Huawei Cloud's MQTT protocol access help document is here: https://support.huaweicloud.com/devg-iothub/iot_02_2200.html

Business Process:

(2) Huawei Cloud Platform MQTT protocol usage restrictions

describe	limit
Supported MQTT protocol versions	3.1.1
Differences from the standard MQTT protocol	Supports Qos 0 and Qos 1. Supports Topic customization. Does not support QoS2. Does not support will and retain msg.
Security levels supported by MQTTS	Adopt TCP channel base + TLS protocol (up to TLSv1.3 version)
Maximum number of MQTT connection requests per second for a single account	Unlimited
Maximum number of MQTT connections supported by a single device per minute	1
The throughput per second of a single MQTT connection, that is, the bandwidth, including directly connected devices and gateways	3KB/s
The maximum length of a single MQTT publishing message. Publishing requests exceeding this size will be directly rejected.	1MB
MQTT connection heartbeat time recommended value	The heartbeat time is limited to 30 to 1200 seconds, and the recommended setting is 120 seconds
Does the product support custom topics?	support
Message publishing and subscription	The device can only publish and subscribe messages to its own Topic.
Maximum number of subscriptions per subscription request	Unlimited

(3) Topic subscription format

Help document address: https://support.huaweicloud.com/devg-iothub/iot_02_2200.html

For devices, they generally subscribe to the topic of messages sent by the platform to the device.

If a device wants to receive messages sent by the platform, it needs to subscribe to the topic of messages sent by the platform to the device. After subscribing, the platform sends messages to the device, and the device will receive the message.
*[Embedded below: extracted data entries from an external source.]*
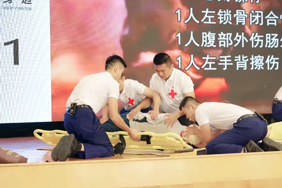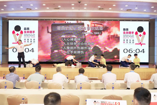大赛分理论知识笔试、救护技能操作和模拟场景演练三个竞赛环节。特别是模拟场景演练,以交通事故、触电、地震、踩踏、火灾、运动伤害等灾害事故为背景,模拟现场救援救护行动,向公众传授心肺复苏和AED使用、气道异物梗阻的现场急救、创伤止血、包扎、骨折固定等救护知识和技能,极大考验了参赛队员的熟练运用技能、科学处置伤患的综合能力。
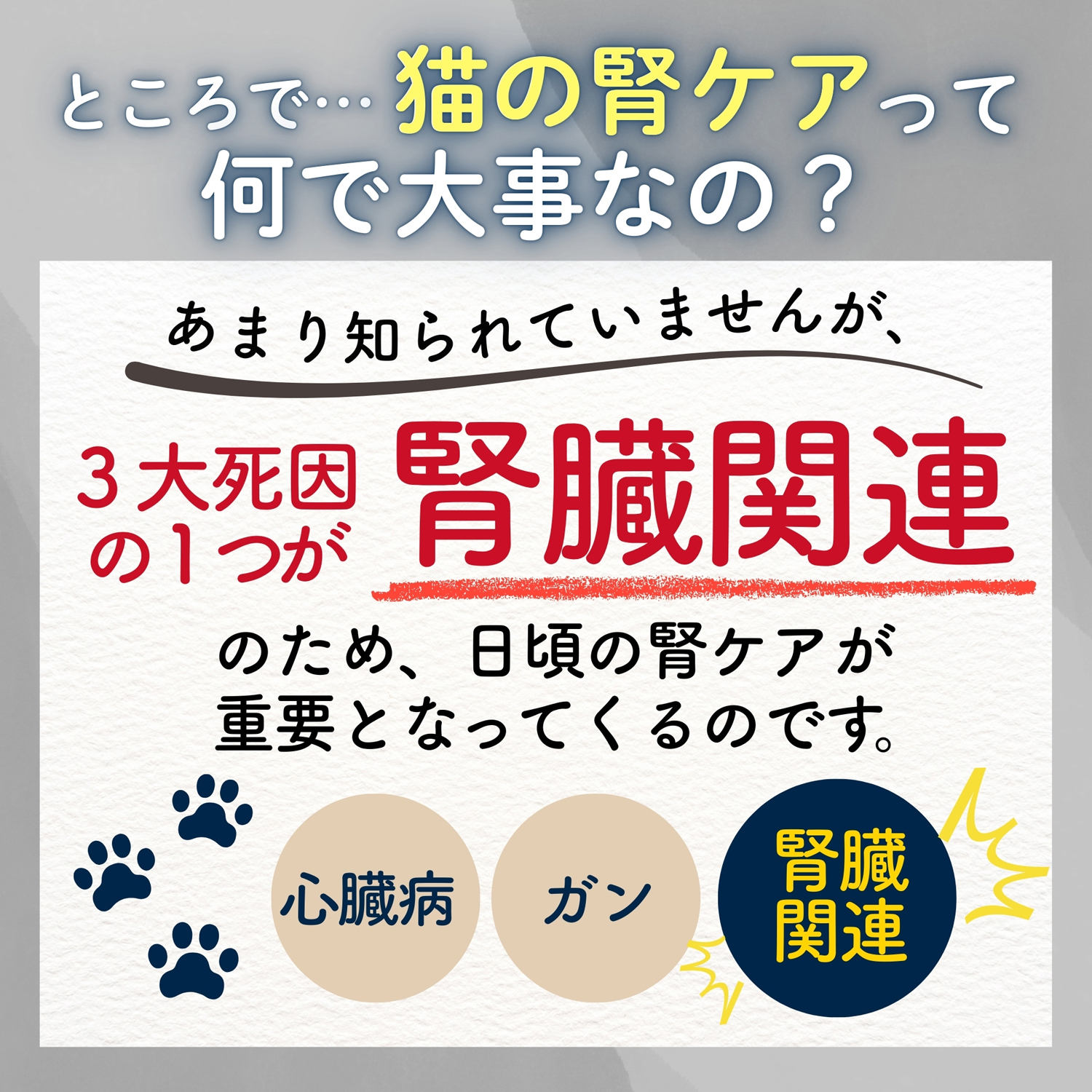 猫の死因トップ3の一つが腎不全です。腎臓の機能が低下すると、体内の老廃物がうまく排出できなくなり、体に負担がかかってしまいます。
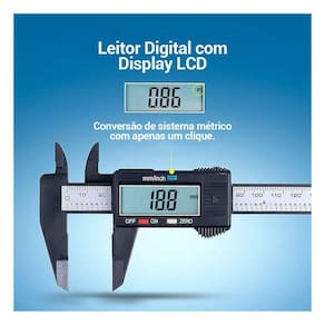 Deslocando o cursor móvel sobre a haste da ferramenta, as medições são mostradas no display lcd. Funciona com bateria LR44 (inclusa). O paquímetro possui botões para seleção de unidade de medida (milímetro ou polegada), botão liga/desliga e botão para zerar o mostrador na posição desejada. Display LCD de fácil visualização.
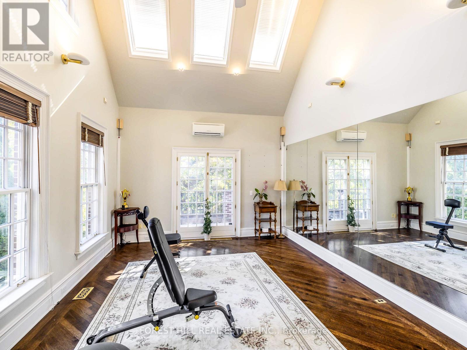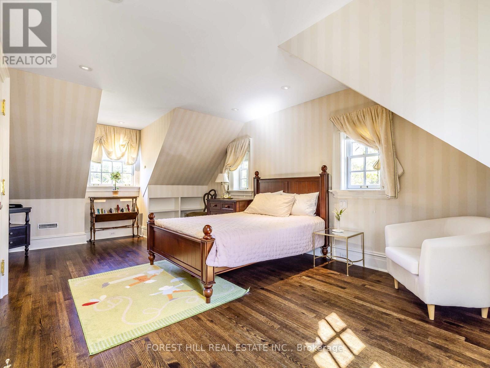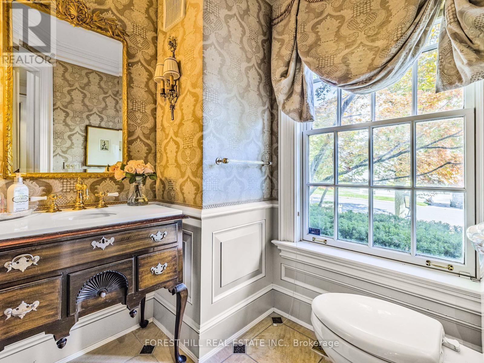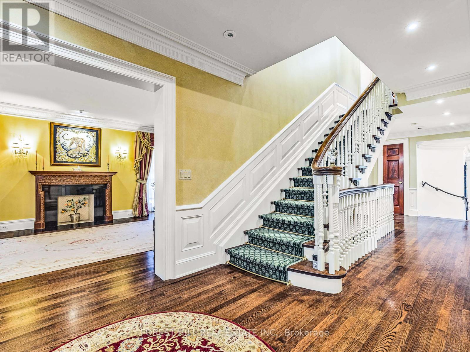 **Captivating residence/exquisite estate--Classic Elegance--This magical home has been meticulously cared for, remodeled/upgraded, and maintained by its owners--Classic/charm centre hall design offers spaces of refined and elegant comfort--5,511 sq.ft (3 storey) + 1,007 sq.ft (basement)---total 6,518 sq.ft of luxurious--where every impeccable detail has been carefully crafted and preserved. The grand principal rooms are designed for both elegance and comfort, a formal dining room and a living room with marble mantle fireplace. The functional gourmet kitchen is equipped with built-in appliances (Sub-Zero/Wolf brand), custom cabinetry & granite countertops. The adjoining family/sun room features a HEATED LIMESTONE floor and 16 ft high glass ceilings, allowing natural sunlight and French doors walkout to south exposure private garden. Upstairs, the hand-carved antique pine paneled library elaborates a story of this home, perfect for versatile use such as 2nd family room and adjoining a mahogany paneled office for a private space. The primary bedroom offers a dressing room, 6 pcs ensuite. The family gym on 2nd floor offers a 18 ft high ceiling with skylights for convenience and comfort. On 3rd floor, the additional all 3 bedrooms provide their own private ensuites, closets, and feature a 3rd furnace and 2nd laundry area. The lower level offers an entertainment room, music and studio room, wine cellar with climate control. Outside, the landscaped lush garden features cheerful trees for privacy and relaxation, and a heated driveway for 5 vehicles, and 2 cars in garage. Surrounded by top ranking private and public schools-UCC/BSS/Havergal College/Forest Hill Junior & Senior PS & Forest Hill CI. A short walk brings you to Forest Hill Village with shops, restaurants & cafes, minutes to sunway station, hwys & more! (id:64974)
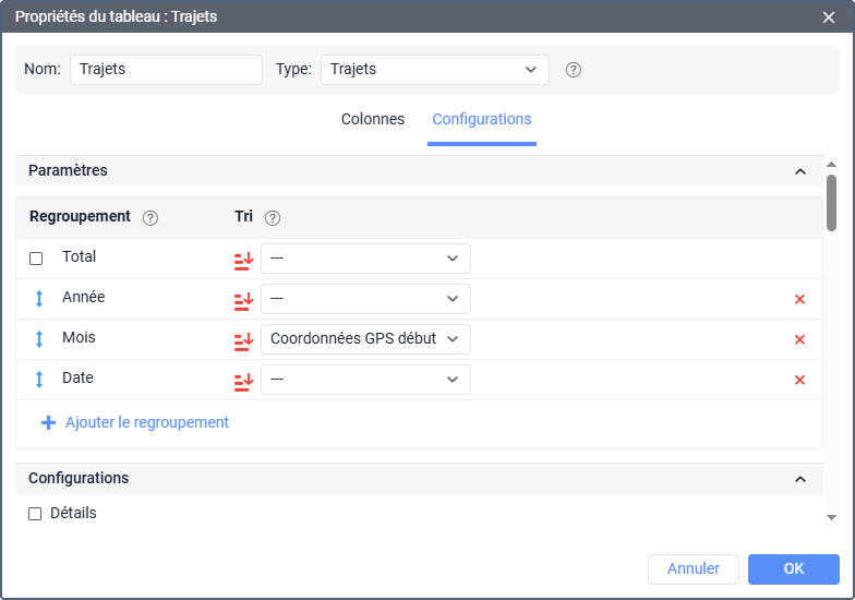 Lors du regroupement des données du tableau, il est judicieux d’utiliser la colonne Durée totale qui, contrairement à la colonne Durée, indique non pas la somme des intervalles (par exemple, la durée totale de tous les déplacements), mais le temps écoulé entre le début du premier intervalle et la fin du dernier. Cela permet, par exemple, de calculer la durée totale d’une journée de travail (pratique pour les feuilles de route).
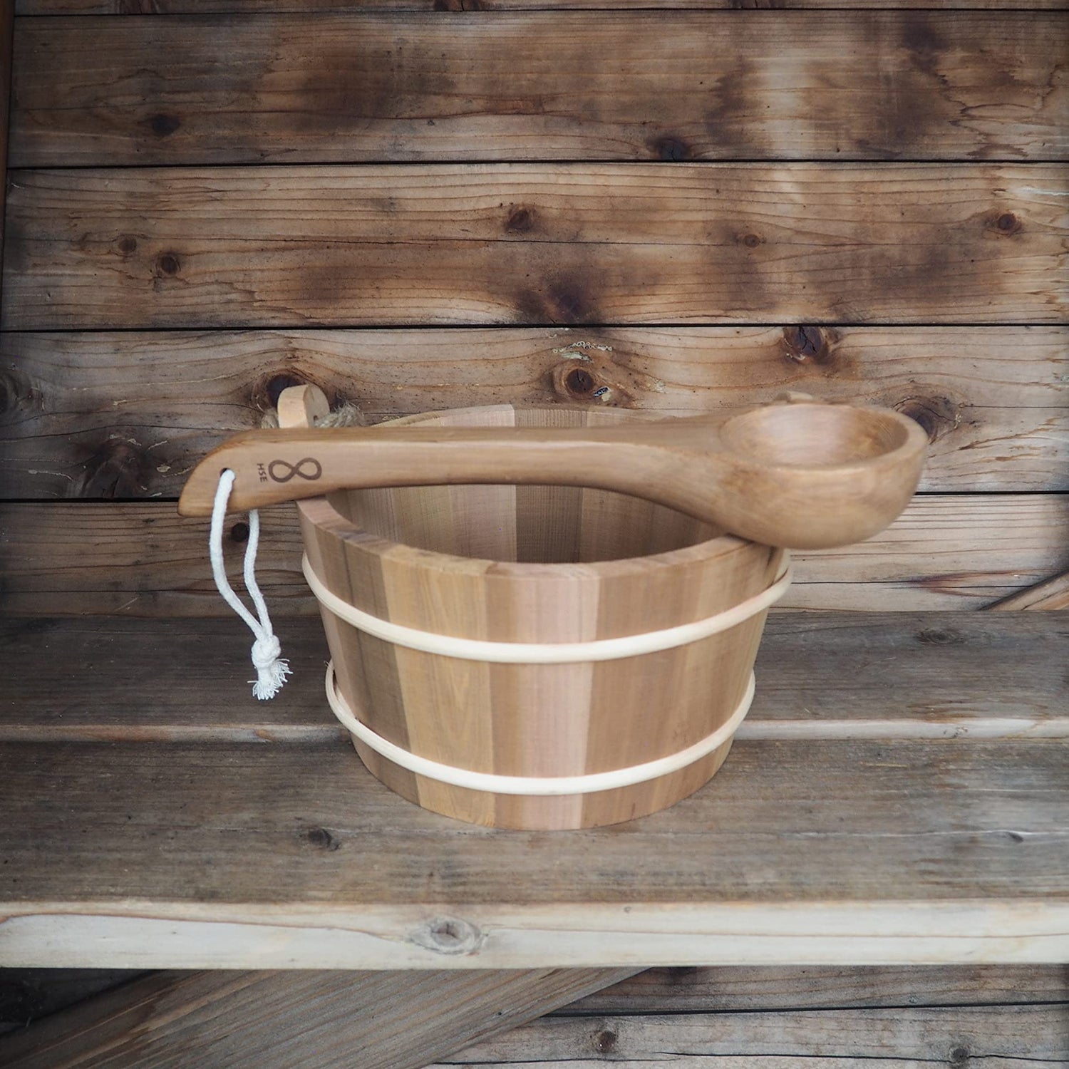 - ELEGANT CURVE - This ladle has an elegantly curved handle and is hewn from a single block of cedar wood, measuring 14" in length. Sold separately here from our HSE Sauna Bucket if you need only a ladle for your existing bucket or other purpose.
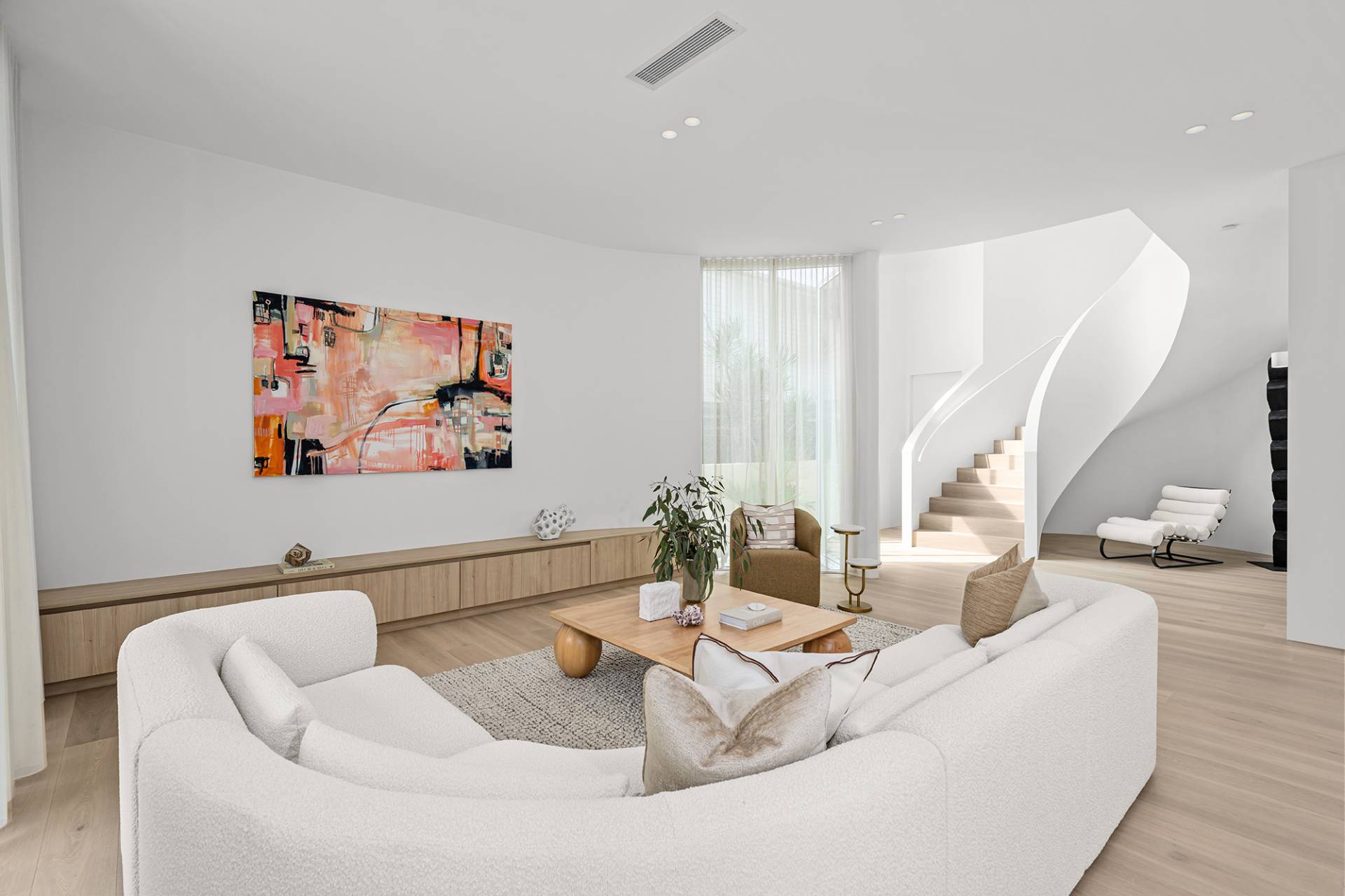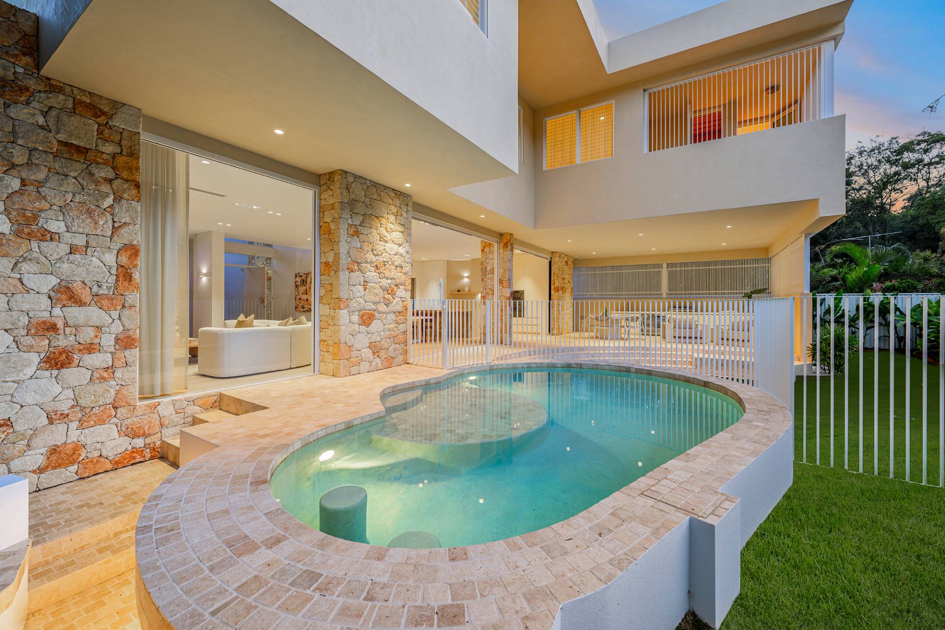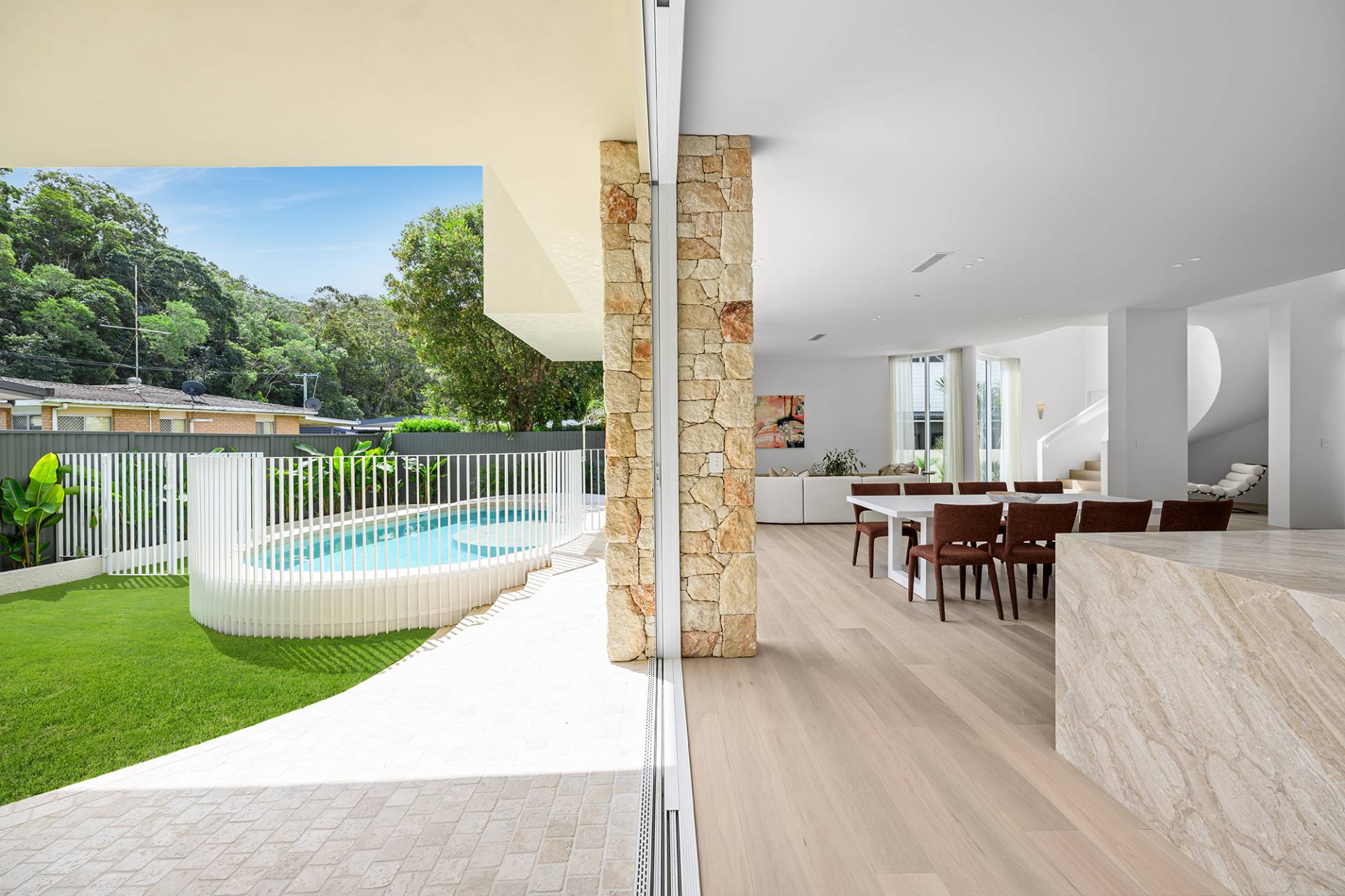 Designed by Habitat Studio Architects, the double-storey home had curves in all the right places and featured bespoke stonework, a sleek spiral staircase and lavish poolside entertaining area.

If the device wants to know the messages sent by the platform, it needs to subscribe to the topic marked in the picture above.

以当前设备为例，最终订阅主题的格式如下:
$oc/devices/{device_id}/sys/messages/down

最终的格式:
$oc/devices/6419627e40773741f9fbdac7_dev1/sys/messages/down

​

(4) Topic publishing format

For devices, topic publishing means uploading data to the cloud platform, and uploading the latest sensor data and device status to the cloud platform.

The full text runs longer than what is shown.